Question is raised as to whether mandamus is the proper remedy to enforce these pensions. Defendants remind us that relators must establish a clear right, also establish that there is no plain and adequate remedy in the ordinary course of the law. State ex rel Stanley v. Cook, 146 Oh St 348. We think these requisites are met. Relators have a clear right to payment of money out of a fund in which there is sufficient money to make such payments. The trustees and the custodian are under a clear duty to set the machinery into operation to make such payments. Effective in 1939 (long before the present suits were brought) is this clause in the present form of §4612-1 GC, relating to firemen’s pensions:

“The right to obtain and receive the relief or pension herein granted may be enforced by an action in mandamus instituted in the court of common pleas * * *”

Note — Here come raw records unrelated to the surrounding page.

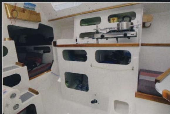
▲ Un réchaud deux feux remplace le modèle un feu standard, mais sa position surélevée n'est pas très rassurante.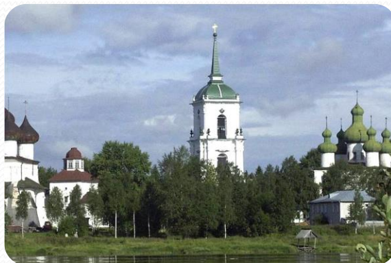
• Памятники архитектуры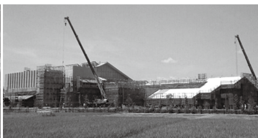
建設が進む仮称川越市新斎場(左：上から/右：東側から。平成28年7月中旬撮影)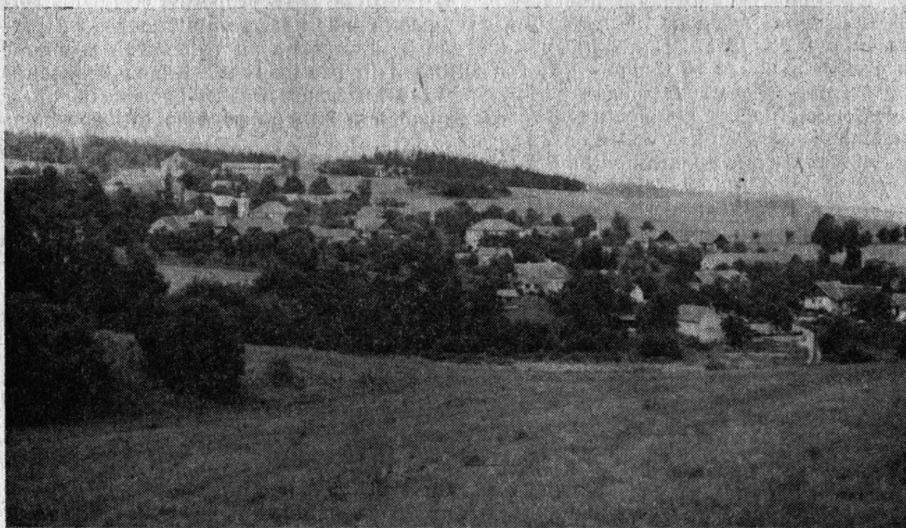
Lhota u Konice, o. Prostějov. Celkový pohled z jižních svahů od Labutic, srpen 1981. Snímek autor.

Po mnichovském diktátě následoval zábor českého pohraničí, do kterého původně nenáležel brodecký ostrov Němců. Jeho představitelé však intervenovali a 19. října 1938 vydali pamětní spis, v němž historickými, sociálními, kulturními a etnickými argumenty zdůvodňovali svůj požadavek na připojení k Německu. 8 Na základě dalších územních úprav vstoupila 25. listopadu 1938 vojska wehr-

Admittedly this statute applies only to firemen’s pensions and not police pensions, but it really created no new right. The legislature merely did what a legislature frequently does — that is — legislatively affirms an existing right. It is hardly thinkable that the legislature intended to play favorites giving the firemen a remedy and denying it to the police. There are too many high court cases in Ohio and throughout the United States wherein pension rights were enforced by mandamus for a trial court to assume to overrule its superiors on this point.

Finally, we consider the six year statute of limitations (§11222 GC) set up by defendants to certain of the causes of action. State ex rel Delaney v. Holmes, 5 Oh Ap 1, affirmed 93 Oh St 480. According to this authority, a pensioner’s right to mandamus accrues every month as to that month’s installment, and remedy is barred as to every installment that is six years overdue. That is the general rule, but here again there is an exception, namely, where no money is available to make payment an action in mandamus does not accrue and does not lie to compel payment, and the statute of limitations does *470not begin to run until money is available for payment. The court will not compel a vain, idle act. One of the points most strongly urged by defendants is that “in each year both pension Boards of Trustees made distribution of all the pension money on hand, and available to pay pensions.” The statute of limitations does not begin to run until funds are available to pay, and here there is no showing that funds were available six years prior to the commencement of these actions so as to start the statute of limitations running.

Accordingly, decrees may be drawn for relators.